TASK DESCRIPTION -
The answer must reproduce all of the data below exactly and contain no images.

GIVEN INFORMATION -
..........
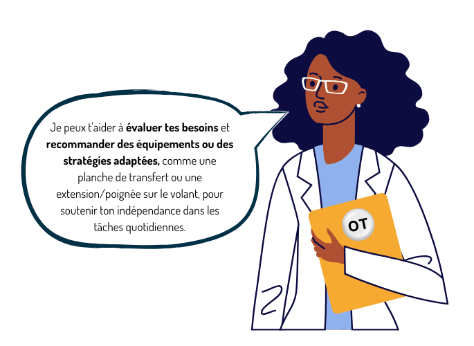 Un ergothérapeute peut t’aider à évaluer tes besoins et te recommander des stratégies et des équipements adaptatifs au besoin, comme une planche de transfert, une rallonge/bouton sur le volant, etc.
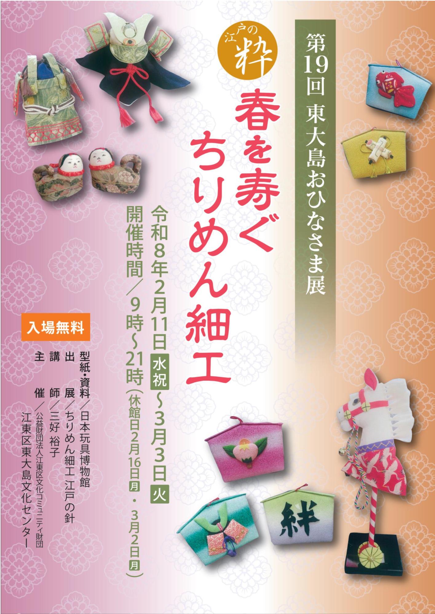 開催館すべて江東区文化センター森下文化センター古石場文化センター豊洲文化センター東大島文化センター砂町文化センター亀戸文化センター総合区民センター商工情報センター江東公会堂(ティアラこうとう)深川江戸資料館芭蕉記念館中川船番所資料館
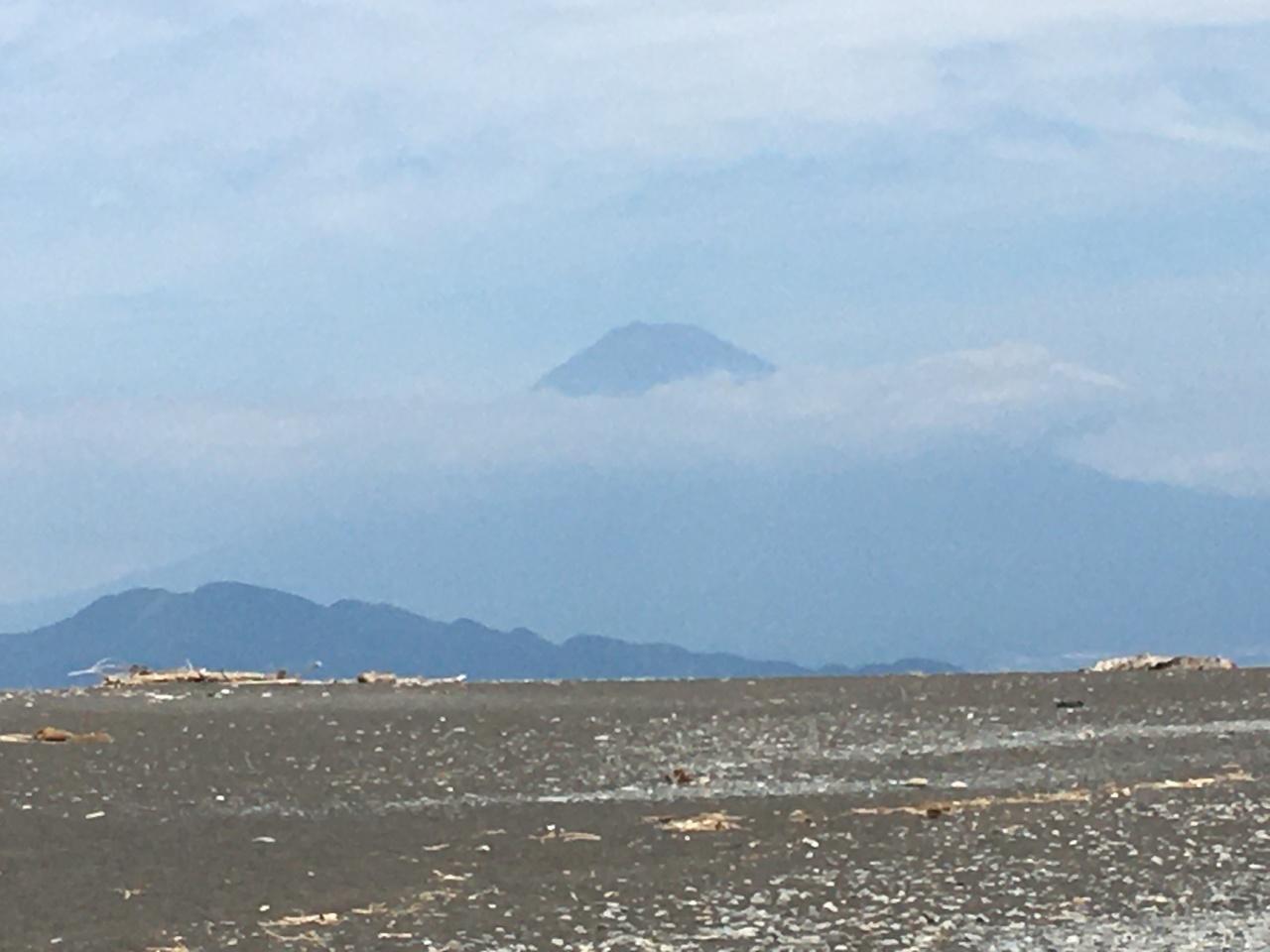 左に遠く伊豆半島の山々が見えるということですが、遠くに見えているのがそうなのかな。 -
..........
OUTPUT OF THE EXERCISE -
 Un ergothérapeute peut t’aider à évaluer tes besoins et te recommander des stratégies et des équipements adaptatifs au besoin, comme une planche de transfert, une rallonge/bouton sur le volant, etc.
 開催館すべて江東区文化センター森下文化センター古石場文化センター豊洲文化センター東大島文化センター砂町文化センター亀戸文化センター総合区民センター商工情報センター江東公会堂(ティアラこうとう)深川江戸資料館芭蕉記念館中川船番所資料館
 左に遠く伊豆半島の山々が見えるということですが、遠くに見えているのがそうなのかな。 -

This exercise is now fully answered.